- #1
Joshk80k
- 17
- 0
Homework Statement
Is
[tex]\sum \frac{1}{2n(2n+1)}[/tex]
convergent or divergent?
(Note that the summation is from 1 to infinity)
Homework Equations
[tex]\int f(x) dx = L[/tex], (range is from 1 to infinity)
IF
L = [tex]\infty[/tex], divergent
L < [tex]\infty[/tex], convergent.
The Attempt at a Solution
I tried a number of tests, and this is the only convergence test that I am not sure about. I attempted the ratio and root tests, but both were inconclusive.
As for my attempt,
[tex]\int \frac{1}{2n(2n+1)}dx[/tex], using the partial fractions method to integrate,
[tex]\int \frac{1}{2n(2n+1)}dx = \int \frac{A}{2n} + \frac{B}{2n+1} [/tex]
[tex]1 = 2nA + 2nB + A[/tex]
Matching up coefficients,
[tex]A^0: 1 = A[/tex]
and
[tex]A^1: 0 = 2A + 2B,[/tex]
[tex]B = -A = -1[/tex]
[tex]\int \frac{1}{2n(2n+1)}dx = \int \frac{1}{2n} + \frac{-1}{2n+1} [/tex]
Using substitution,
[tex]\int \frac{1}{2n} = \frac{1}{2}ln(2n)[/tex]
and
[tex]\int \frac{-1}{2n+1} = -\frac{1}{2}ln(2n+1)[/tex]
So, adding these two together, and using properties of the natural log,
[tex]\frac{1}{2}ln(2n) + -\frac{1}{2}ln(2n+1) = \frac{1}{2}ln(\frac{2n}{2n+1})[/tex]
Now, inserting the bounds 1 and t (Where t is infinity),
[tex]\frac{1}{2}ln(\frac{2t}{2t+1}) - \frac{1}{2}ln(\frac{2}{3})[/tex]
Here is where I am a little stumped.
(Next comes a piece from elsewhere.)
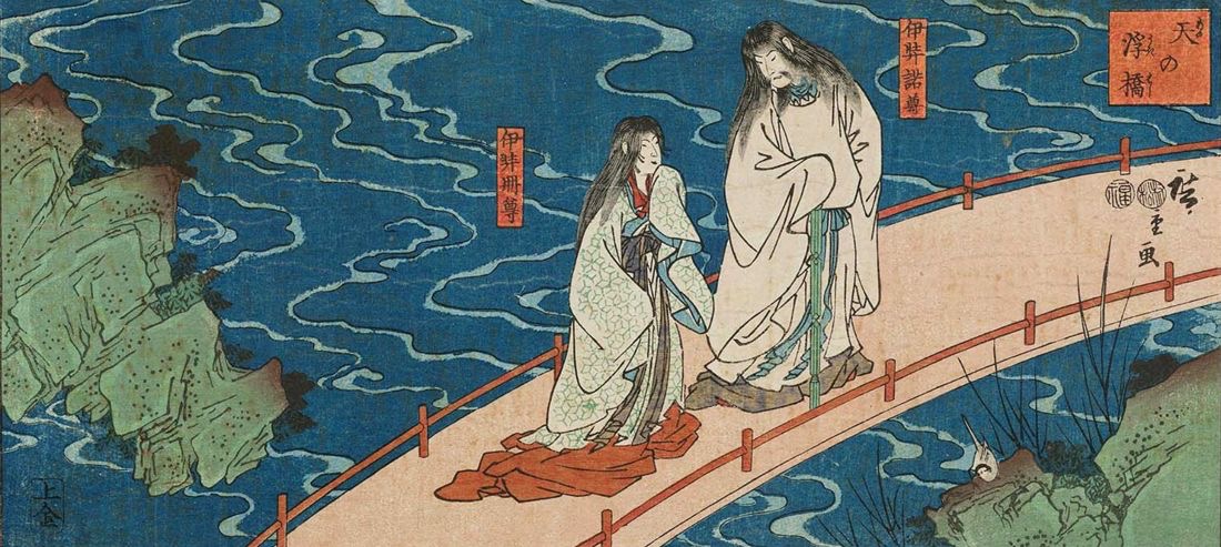 Un giorno, sulla piana del cielo, apparirono le prime divinità, che guardando in basso vedono il caos immerso nelle tenebre. Decidono quindi di chiedere a Izanagi e Izanami (fratello e sorella) di scendere in questo caos per creare qualcosa. Le due giovani divinità accettano, e fermatisi sul ponte dell'arcobaleno, immergono la lancia dei cieli nel caos melmoso. Iniziano così a crearsi dei grumi di melma sulla lancia, che cadendo da essa, andarono a formare gli otto gruppi di isole maggiori del Giappone.

I want to say "Hey, t is infinity, and at large values of t, we can ignore the excess numbers (In this case, 2t + 1 is just a tiny bit different than 2t, so we ignore the 1 to make the cancellation) and as a result, I'll have a finite value, and for this reason, the answer is convergent.
BUT, I have always been a little shaky on convergence tests - am I doing this correctly or am I wrong to make that assumption about the cancellation?